[[ DATA FOR THE TASK open ]]

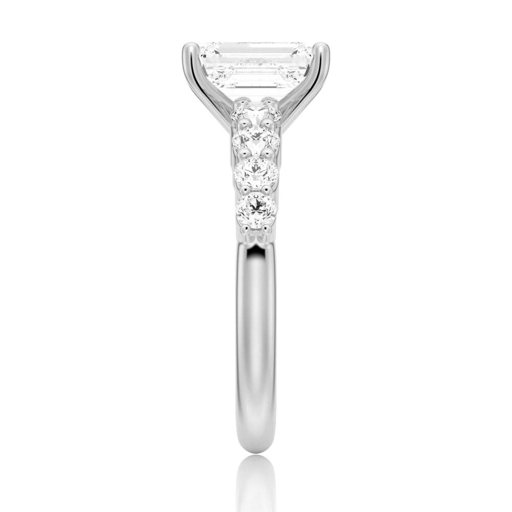 Classic Shared Prong Emerald Cut Moissanite Engagement Ring
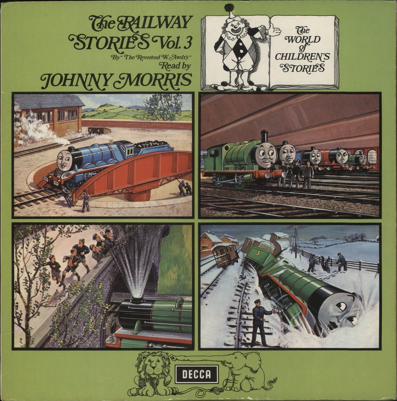 JOHNNY MORRIS The Railway Stories Vol. 3 (1972 UK 8-track MONO vinyl LP, readings of the tales of Thomas The Tank Engine & friends written by Rev W. Awdry, front laminated picture sleeve featuring great illustrations of the engines in their original style, before they became overly cute. The sleeve shows some light creasing and the vinyl remains Near Mint PA272)
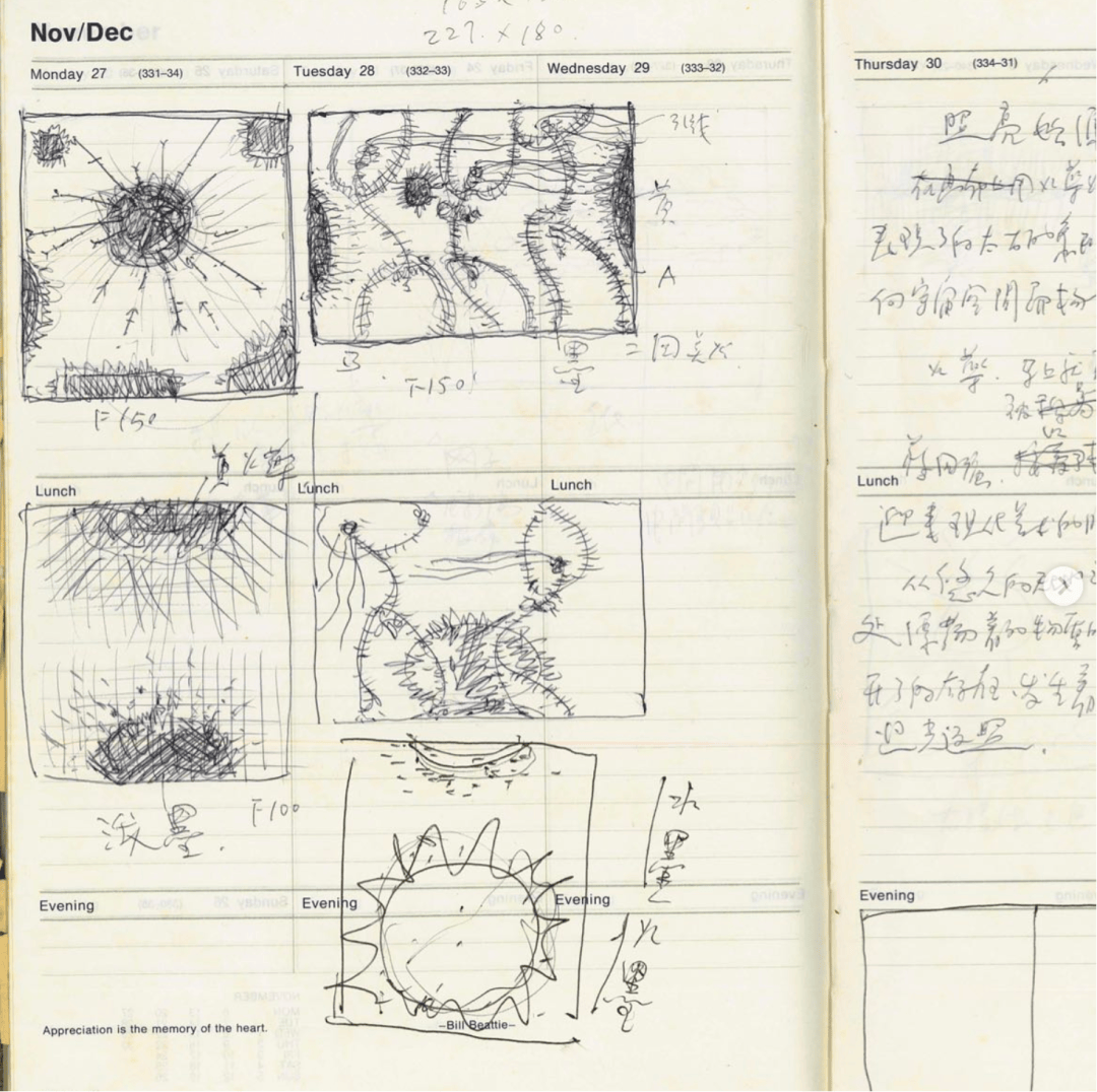 从蔡国强1978年的日记里就能明显看到,“大爆炸”“宇宙”等关键词就是他毕生追求的艺术目标。
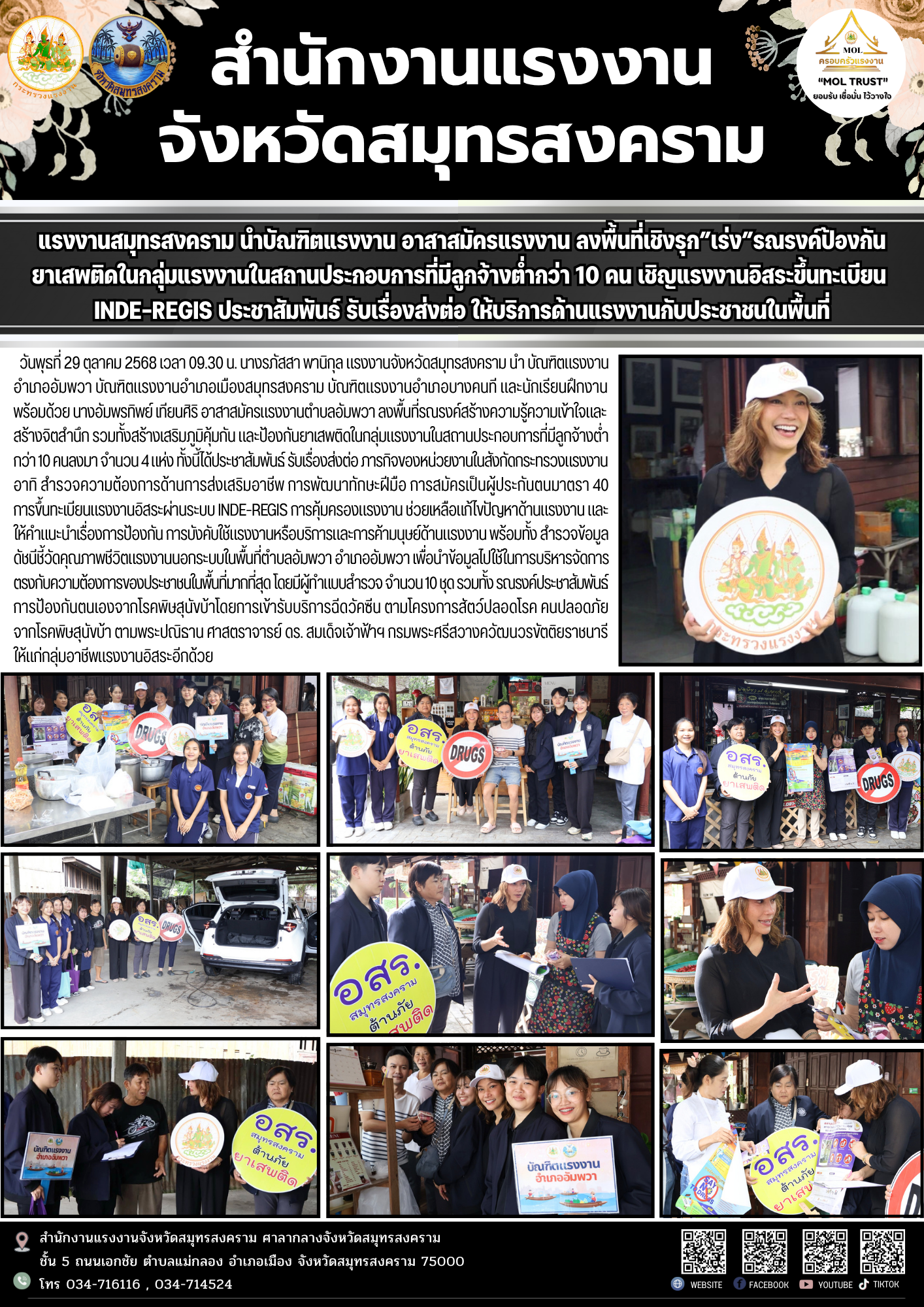 วันพุธที่ 29 ตุลาคม 2568 เวลา 09.30 น. นางรภัสสา พานิกุล แรงงานจังหวัดสมุทรสงคราม นำ บัณฑิตแรงงานอำเภออัมพวา บัณฑิตแรงงานอำเภอเมืองสมุทรสงคราม บัณฑิตแรงงานอำเภอบางคนที และนักเรียนฝึกงาน พร้อมด้วย นางอัมพรทิพย์ เทียนศิริ อาสาสมัครแรงงานตำบลอัมพวา ลงพื้นที่รณรงค์สร้างความรู้ความเข้าใจและสร้างจิตสำนึก รวมทั้งสร้างเสริมภูมิคุ้มกัน และป้องกันยาเสพติดในกลุ่มแรงงานในสถานประกอบการที่มีลูกจ้างต่ำกว่า 10 คนลงมา จำนวน 4 แห่ง ทั้งนี้ได้ประชาสัมพันธ์ รับเรื่องส่งต่อ ภารกิจของหน่วยงานในสังกัดกระทรวงแรงงาน อาทิ สำรวจความต้องการด้านการส่งเสริมอาชีพ การพัฒนาทักษะฝีมือ การสมัครเป็นผู้ประกันตนมาตรา 40 การขึ้นทะเบียนแรงงานอิสระผ่านระบบ INDE-REGIS การคุ้มครองแรงงาน ช่วยเหลือแก้ไขปัญหาด้านแรงงาน และให้คำแนะนำเรื่องการป้องกัน การบังคับใช้แรงงานหรือบริการและการค้ามนุษย์ด้านแรงงาน พร้อมทั้ง สำรวจข้อมูลดัชนีชี้วัดคุณภาพชีวิตแรงงานนอกระบบในพื้นที่ตำบลอัมพวา อำเภออัมพวา เพื่อนำข้อมูลไปใช้ในการบริหารจัดการตรงกับความต้องการของประชาชนในพื้นที่มากที่สุด โดยมีผู้ทำแบบสำรวจ จำนวน 10 ชุด รวมทั้ง รณรงค์ประชาสัมพันธ์การป้องกันตนเองจากโรคพิษสุนัขบ้าโดยการเข้ารับบริการฉีดวัคซีน ตามโครงการสัตว์ปลอดโรค คนปลอดภัยจากโรคพิษสุนัขบ้า ตามพระปณิธาน ศาสตราจารย์ ดร. สมเด็จเจ้าฟ้าฯ กรมพระศรีสวางควัฒนวรขัตติยราชนารี ให้แก่กลุ่มอาชีพแรงงานอิสระอีกด้วย
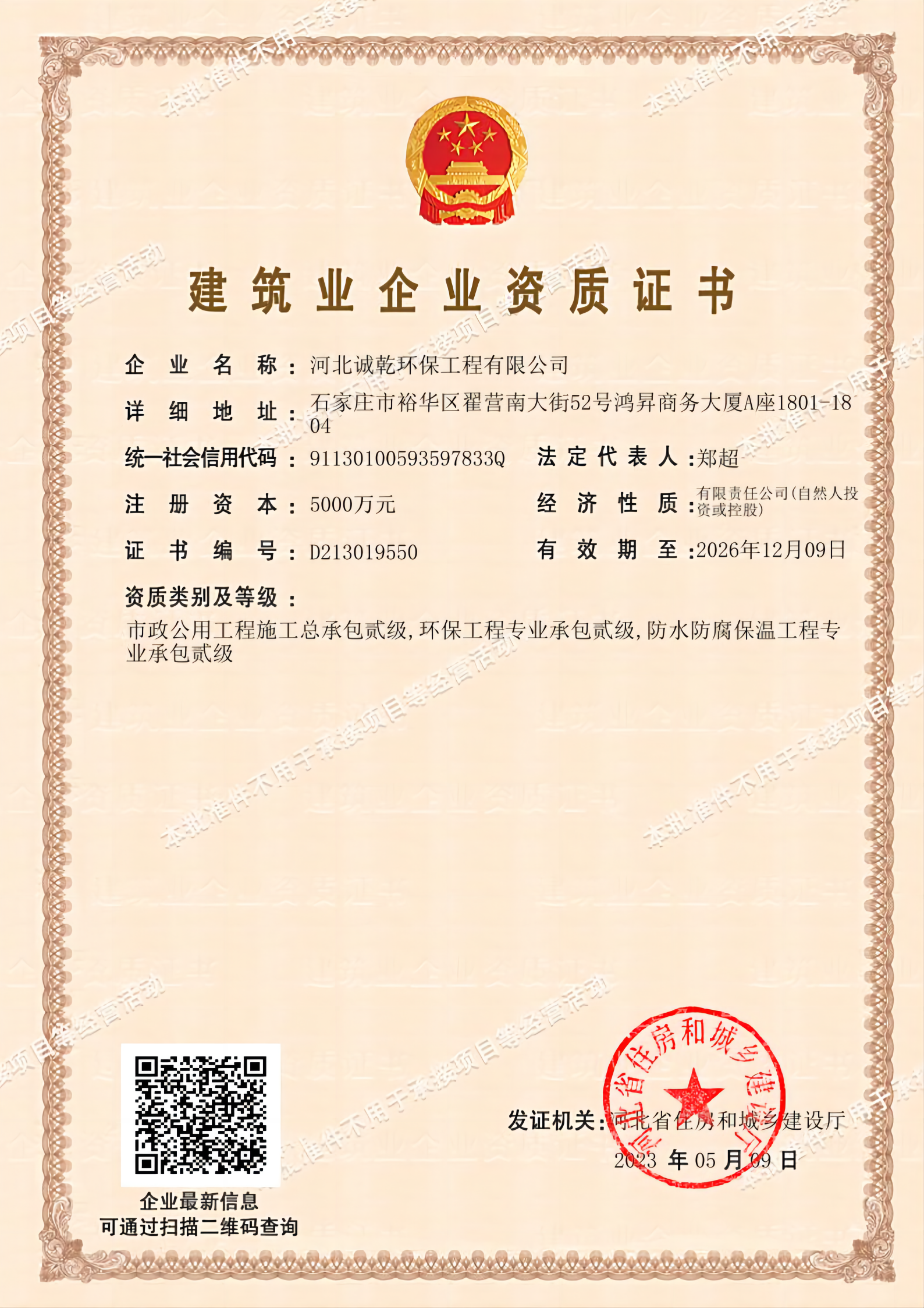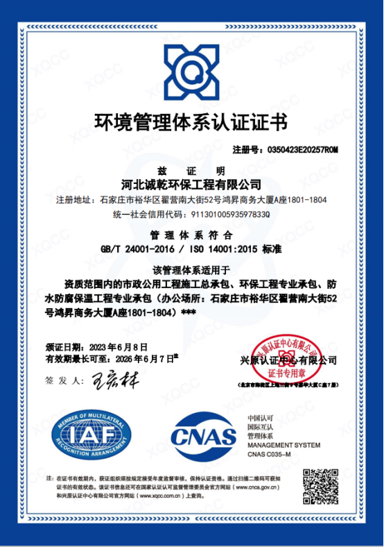 公司具有市政公用工程施工總承包貳級(jí)、環(huán)保工程專業(yè)承包貳級(jí)、防水防腐保溫工程專業(yè)承包貳級(jí)資質(zhì),通過(guò)了質(zhì)量管理體系認(rèn)證(ISO9001)、環(huán)境管理體系認(rèn)證(ISO14001)、職業(yè)健康安全管理體系認(rèn)證(ISO45001),充分保證產(chǎn)品的質(zhì)量達(dá)到標(biāo)準(zhǔn)要求,持續(xù)開(kāi)發(fā)新工藝、新產(chǎn)品,提高自身生產(chǎn)能力,提高產(chǎn)品質(zhì)量。
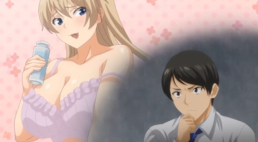 Después de que el amigo calmara a la waifu con un almuerzo gratis, ella de nuevo se pone juguetona y le restriega sus melones poniendo un carton de leche en medio de ellos para que lo beba. Su amigo se molesta otra vez por su comportamiento y al pararse de su asiento la chica cae llenándose toda le leche. Ella le dice que como fue su culpa que esté ahora así, debe de limpie sus tetas, por lo que no tiene más remedio que hacerlo. Mientras estaba en ello, de nuevo la chica le restriega sus melones y él ya no aguanta más, se pone a jugar con sus sandias hasta que terminan teniendo sexo.
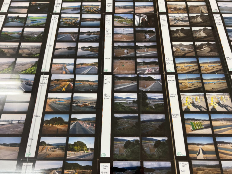 そのうち畠山直哉は、東日本大震災における津波で実家が失われたことを境に撮りはじめた、故郷の陸前高田の写真のコンタクトプリントを展示。コンタクトプリントには畠山がシャッターを切ったカットがそのままの順番で写っていて、津波で大きく被害を受け、やがて復興していく陸前高田の光景を畠山がどのように撮影していったのかをたどることができます。
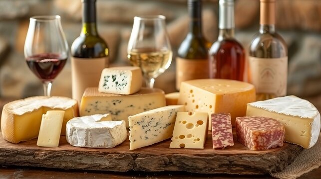 arranged wine and cheese pairing showcasing an array of artisanal cheeses and carefully curated wine selection, set against a rustic backdrop for an inviting ambiance
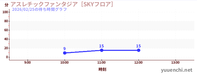 2026/02/25の待ち時間グラフ (アスレチックファンタジア[SKYフロア])
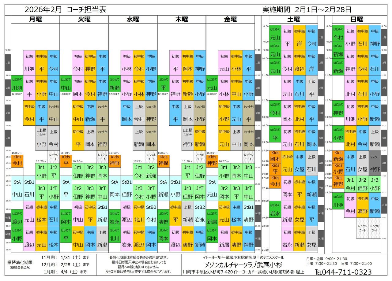 セブンカルチャークラブ武蔵小杉テニススクールはセブン&アイHLDSのテニススクール
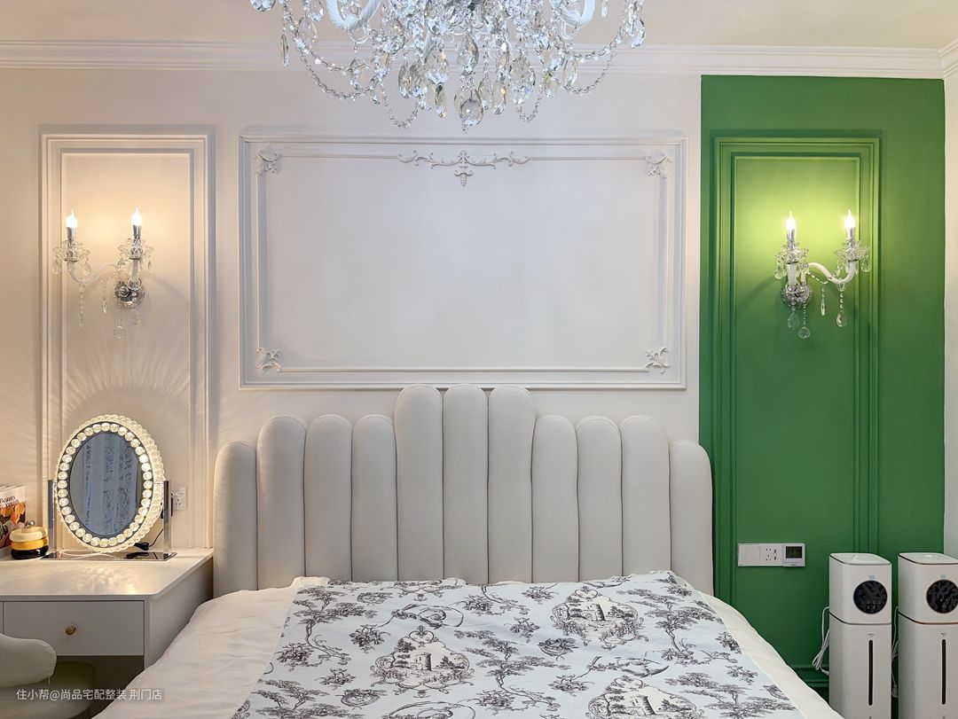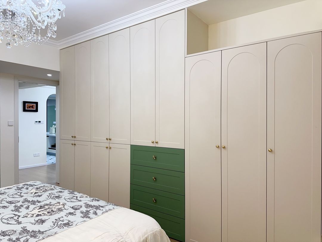 主卧背景墙,采用的法式线条加角花的一个设计,线条部位也是用的艺术涂料,具备防水耐氧化的功能,床头背景线条根据床的高度定制,完全无遮挡,在床的对立面做了满墙衣柜且预留了空调挂机的位置,整体柜门都采用了分体的模压门板,圆润的造型呼应了整个主题。
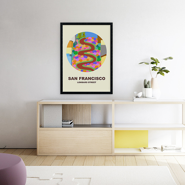 San Francisco Lombard St, california, city art, digital, illustration, art print

[[ DATA FOR THE TASK closed ]]

TASK STATEMENT> Give the data above again, exactly, with every picture removed.

SOLUTION>
 Classic Shared Prong Emerald Cut Moissanite Engagement Ring
 JOHNNY MORRIS The Railway Stories Vol. 3 (1972 UK 8-track MONO vinyl LP, readings of the tales of Thomas The Tank Engine & friends written by Rev W. Awdry, front laminated picture sleeve featuring great illustrations of the engines in their original style, before they became overly cute. The sleeve shows some light creasing and the vinyl remains Near Mint PA272)
 从蔡国强1978年的日记里就能明显看到,“大爆炸”“宇宙”等关键词就是他毕生追求的艺术目标。
 วันพุธที่ 29 ตุลาคม 2568 เวลา 09.30 น. นางรภัสสา พานิกุล แรงงานจังหวัดสมุทรสงคราม นำ บัณฑิตแรงงานอำเภออัมพวา บัณฑิตแรงงานอำเภอเมืองสมุทรสงคราม บัณฑิตแรงงานอำเภอบางคนที และนักเรียนฝึกงาน พร้อมด้วย นางอัมพรทิพย์ เทียนศิริ อาสาสมัครแรงงานตำบลอัมพวา ลงพื้นที่รณรงค์สร้างความรู้ความเข้าใจและสร้างจิตสำนึก รวมทั้งสร้างเสริมภูมิคุ้มกัน และป้องกันยาเสพติดในกลุ่มแรงงานในสถานประกอบการที่มีลูกจ้างต่ำกว่า 10 คนลงมา จำนวน 4 แห่ง ทั้งนี้ได้ประชาสัมพันธ์ รับเรื่องส่งต่อ ภารกิจของหน่วยงานในสังกัดกระทรวงแรงงาน อาทิ สำรวจความต้องการด้านการส่งเสริมอาชีพ การพัฒนาทักษะฝีมือ การสมัครเป็นผู้ประกันตนมาตรา 40 การขึ้นทะเบียนแรงงานอิสระผ่านระบบ INDE-REGIS การคุ้มครองแรงงาน ช่วยเหลือแก้ไขปัญหาด้านแรงงาน และให้คำแนะนำเรื่องการป้องกัน การบังคับใช้แรงงานหรือบริการและการค้ามนุษย์ด้านแรงงาน พร้อมทั้ง สำรวจข้อมูลดัชนีชี้วัดคุณภาพชีวิตแรงงานนอกระบบในพื้นที่ตำบลอัมพวา อำเภออัมพวา เพื่อนำข้อมูลไปใช้ในการบริหารจัดการตรงกับความต้องการของประชาชนในพื้นที่มากที่สุด โดยมีผู้ทำแบบสำรวจ จำนวน 10 ชุด รวมทั้ง รณรงค์ประชาสัมพันธ์การป้องกันตนเองจากโรคพิษสุนัขบ้าโดยการเข้ารับบริการฉีดวัคซีน ตามโครงการสัตว์ปลอดโรค คนปลอดภัยจากโรคพิษสุนัขบ้า ตามพระปณิธาน ศาสตราจารย์ ดร. สมเด็จเจ้าฟ้าฯ กรมพระศรีสวางควัฒนวรขัตติยราชนารี ให้แก่กลุ่มอาชีพแรงงานอิสระอีกด้วย
 公司具有市政公用工程施工總承包貳級(jí)、環(huán)保工程專業(yè)承包貳級(jí)、防水防腐保溫工程專業(yè)承包貳級(jí)資質(zhì),通過(guò)了質(zhì)量管理體系認(rèn)證(ISO9001)、環(huán)境管理體系認(rèn)證(ISO14001)、職業(yè)健康安全管理體系認(rèn)證(ISO45001),充分保證產(chǎn)品的質(zhì)量達(dá)到標(biāo)準(zhǔn)要求,持續(xù)開(kāi)發(fā)新工藝、新產(chǎn)品,提高自身生產(chǎn)能力,提高產(chǎn)品質(zhì)量。
 Después de que el amigo calmara a la waifu con un almuerzo gratis, ella de nuevo se pone juguetona y le restriega sus melones poniendo un carton de leche en medio de ellos para que lo beba. Su amigo se molesta otra vez por su comportamiento y al pararse de su asiento la chica cae llenándose toda le leche. Ella le dice que como fue su culpa que esté ahora así, debe de limpie sus tetas, por lo que no tiene más remedio que hacerlo. Mientras estaba en ello, de nuevo la chica le restriega sus melones y él ya no aguanta más, se pone a jugar con sus sandias hasta que terminan teniendo sexo.
 そのうち畠山直哉は、東日本大震災における津波で実家が失われたことを境に撮りはじめた、故郷の陸前高田の写真のコンタクトプリントを展示。コンタクトプリントには畠山がシャッターを切ったカットがそのままの順番で写っていて、津波で大きく被害を受け、やがて復興していく陸前高田の光景を畠山がどのように撮影していったのかをたどることができます。
 arranged wine and cheese pairing showcasing an array of artisanal cheeses and carefully curated wine selection, set against a rustic backdrop for an inviting ambiance
 2026/02/25の待ち時間グラフ (アスレチックファンタジア[SKYフロア])
 セブンカルチャークラブ武蔵小杉テニススクールはセブン&アイHLDSのテニススクール
 主卧背景墙,采用的法式线条加角花的一个设计,线条部位也是用的艺术涂料,具备防水耐氧化的功能,床头背景线条根据床的高度定制,完全无遮挡,在床的对立面做了满墙衣柜且预留了空调挂机的位置,整体柜门都采用了分体的模压门板,圆润的造型呼应了整个主题。
 San Francisco Lombard St, california, city art, digital, illustration, art print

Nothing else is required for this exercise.